-- Work item --
For this exercise, output the entries below exactly from the line that holds "Effortless style, pure" to the line that holds "同じ「しこり」に見えても、原因と発生メカニズムはそれぞれ異なります", both ends included. No pictures belong in the copy.

-- Provided material --
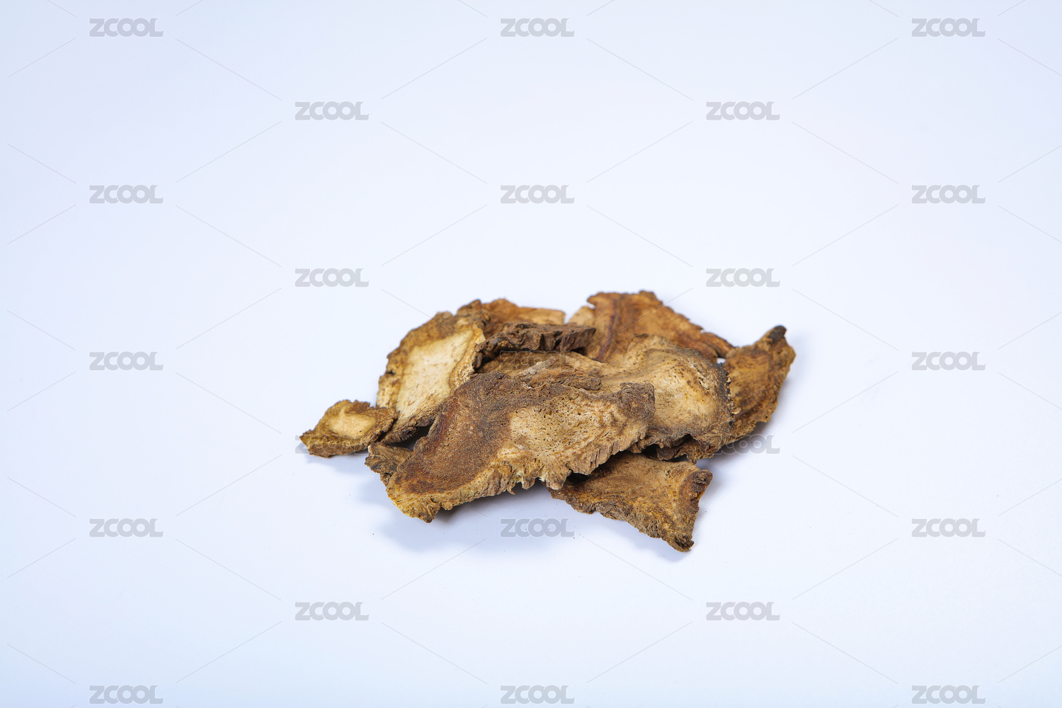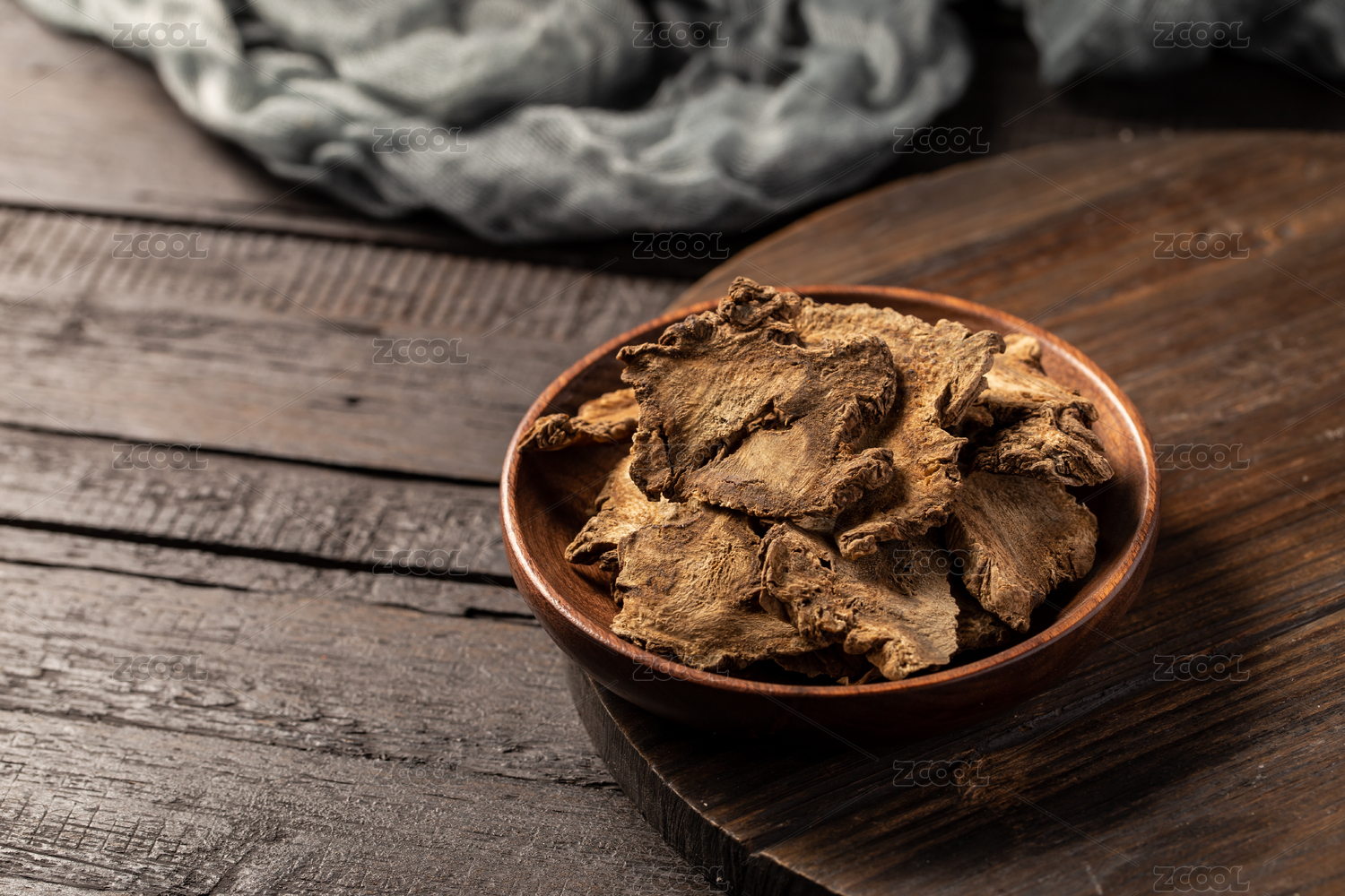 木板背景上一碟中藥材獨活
--
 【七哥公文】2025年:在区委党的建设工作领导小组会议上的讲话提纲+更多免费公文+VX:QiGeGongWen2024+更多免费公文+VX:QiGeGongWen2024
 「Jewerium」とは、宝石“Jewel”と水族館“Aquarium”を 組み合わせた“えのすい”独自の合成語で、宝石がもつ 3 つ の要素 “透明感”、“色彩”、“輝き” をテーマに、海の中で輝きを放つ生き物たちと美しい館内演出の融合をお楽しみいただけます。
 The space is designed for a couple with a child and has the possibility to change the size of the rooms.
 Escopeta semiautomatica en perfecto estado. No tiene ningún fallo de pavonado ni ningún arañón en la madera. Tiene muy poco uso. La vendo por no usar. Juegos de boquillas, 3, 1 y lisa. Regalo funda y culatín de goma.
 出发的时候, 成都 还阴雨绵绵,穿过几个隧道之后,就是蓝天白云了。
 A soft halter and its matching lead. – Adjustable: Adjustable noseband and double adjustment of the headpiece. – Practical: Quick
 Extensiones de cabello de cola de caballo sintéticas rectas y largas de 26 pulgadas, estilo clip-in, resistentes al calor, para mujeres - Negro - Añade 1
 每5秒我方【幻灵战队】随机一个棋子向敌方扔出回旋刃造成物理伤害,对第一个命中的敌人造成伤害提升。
--
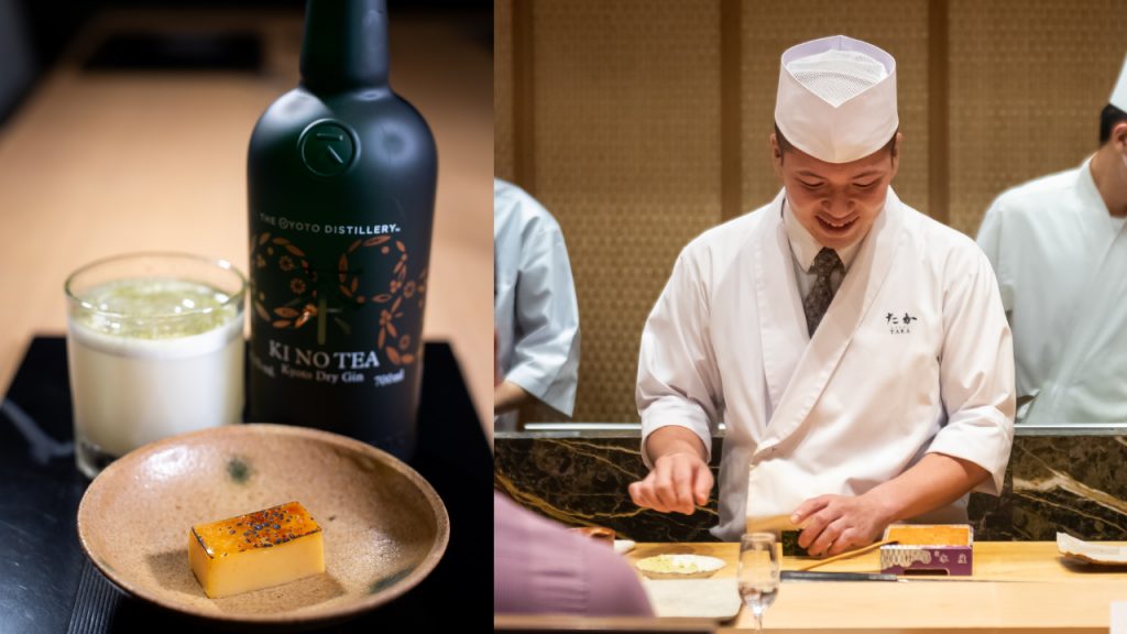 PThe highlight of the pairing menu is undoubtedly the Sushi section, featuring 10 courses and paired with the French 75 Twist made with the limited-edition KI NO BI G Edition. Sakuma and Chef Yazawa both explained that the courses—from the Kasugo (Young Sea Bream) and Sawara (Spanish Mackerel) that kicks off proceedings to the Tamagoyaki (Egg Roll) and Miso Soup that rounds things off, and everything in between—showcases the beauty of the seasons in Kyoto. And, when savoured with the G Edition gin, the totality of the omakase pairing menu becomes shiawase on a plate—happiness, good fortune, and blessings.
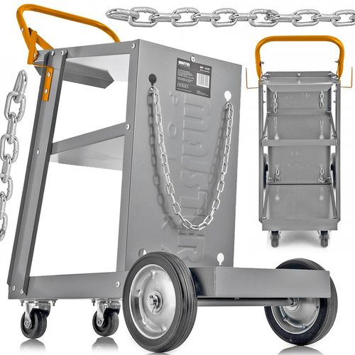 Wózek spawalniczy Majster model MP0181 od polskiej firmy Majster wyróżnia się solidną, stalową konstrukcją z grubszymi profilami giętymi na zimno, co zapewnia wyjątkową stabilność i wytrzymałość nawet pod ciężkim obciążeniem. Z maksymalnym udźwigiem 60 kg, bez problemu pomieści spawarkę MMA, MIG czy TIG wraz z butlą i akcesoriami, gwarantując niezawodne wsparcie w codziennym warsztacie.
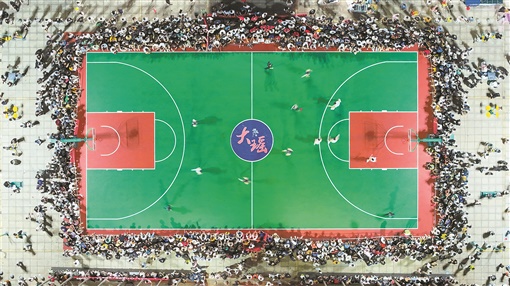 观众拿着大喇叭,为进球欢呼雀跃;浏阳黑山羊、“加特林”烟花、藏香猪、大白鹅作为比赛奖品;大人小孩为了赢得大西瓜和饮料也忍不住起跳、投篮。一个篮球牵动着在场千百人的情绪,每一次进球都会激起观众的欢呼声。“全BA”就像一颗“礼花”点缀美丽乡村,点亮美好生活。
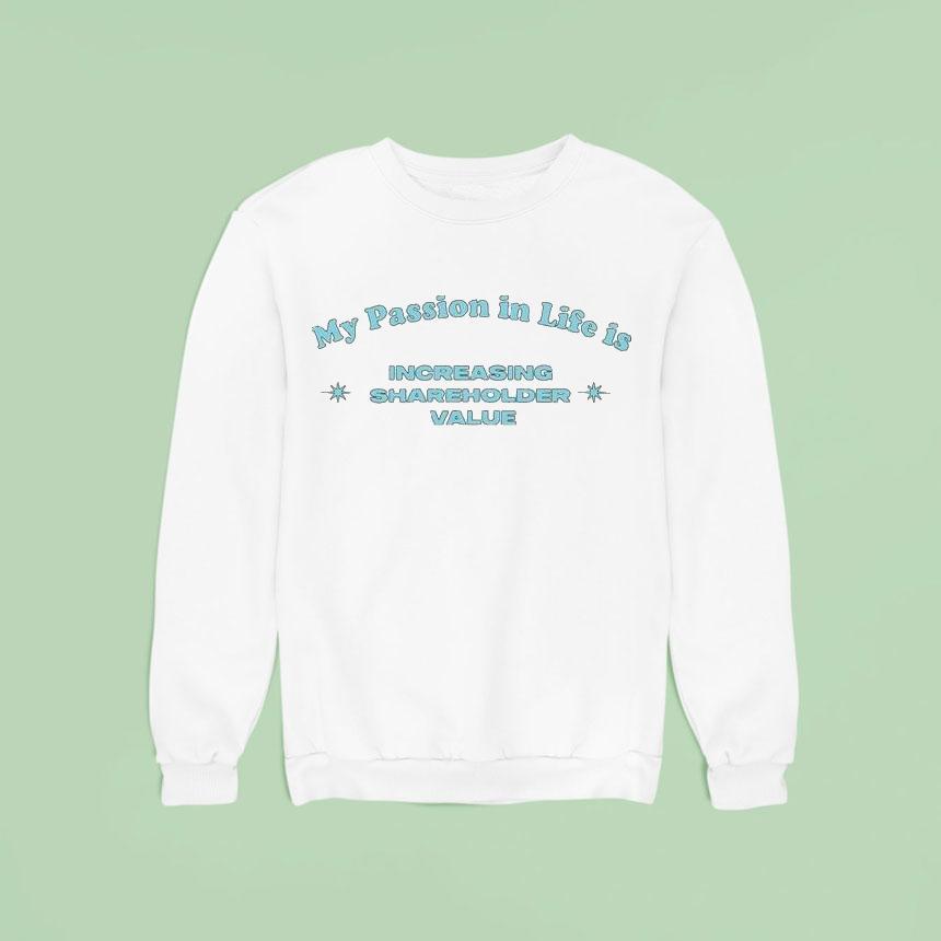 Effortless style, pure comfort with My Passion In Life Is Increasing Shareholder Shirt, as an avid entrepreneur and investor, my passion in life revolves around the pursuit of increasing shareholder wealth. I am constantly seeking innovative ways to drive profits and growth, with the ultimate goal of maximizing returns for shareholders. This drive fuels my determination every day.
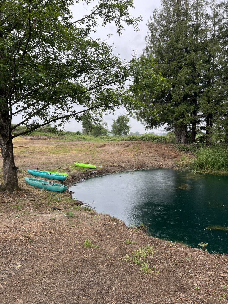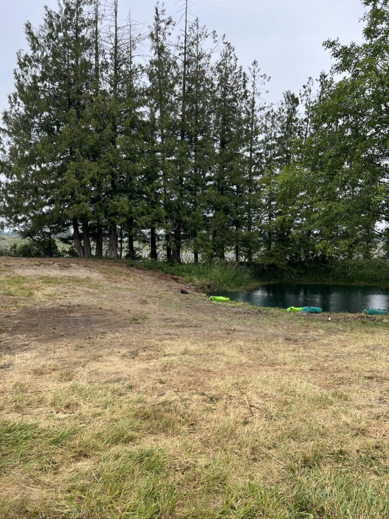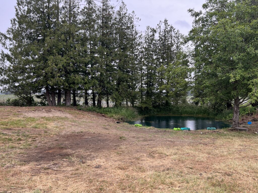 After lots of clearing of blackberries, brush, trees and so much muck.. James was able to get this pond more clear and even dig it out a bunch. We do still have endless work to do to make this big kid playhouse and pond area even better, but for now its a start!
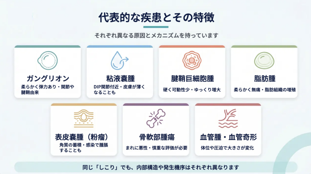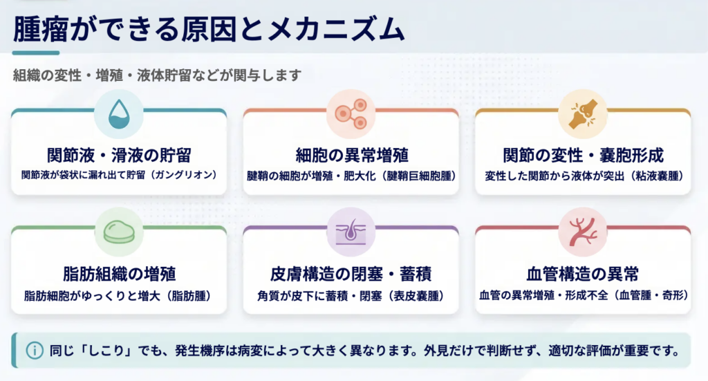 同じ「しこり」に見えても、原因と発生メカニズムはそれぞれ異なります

-- Solution for this task --
 Effortless style, pure comfort with My Passion In Life Is Increasing Shareholder Shirt, as an avid entrepreneur and investor, my passion in life revolves around the pursuit of increasing shareholder wealth. I am constantly seeking innovative ways to drive profits and growth, with the ultimate goal of maximizing returns for shareholders. This drive fuels my determination every day.
 After lots of clearing of blackberries, brush, trees and so much muck.. James was able to get this pond more clear and even dig it out a bunch. We do still have endless work to do to make this big kid playhouse and pond area even better, but for now its a start!
 同じ「しこり」に見えても、原因と発生メカニズムはそれぞれ異なります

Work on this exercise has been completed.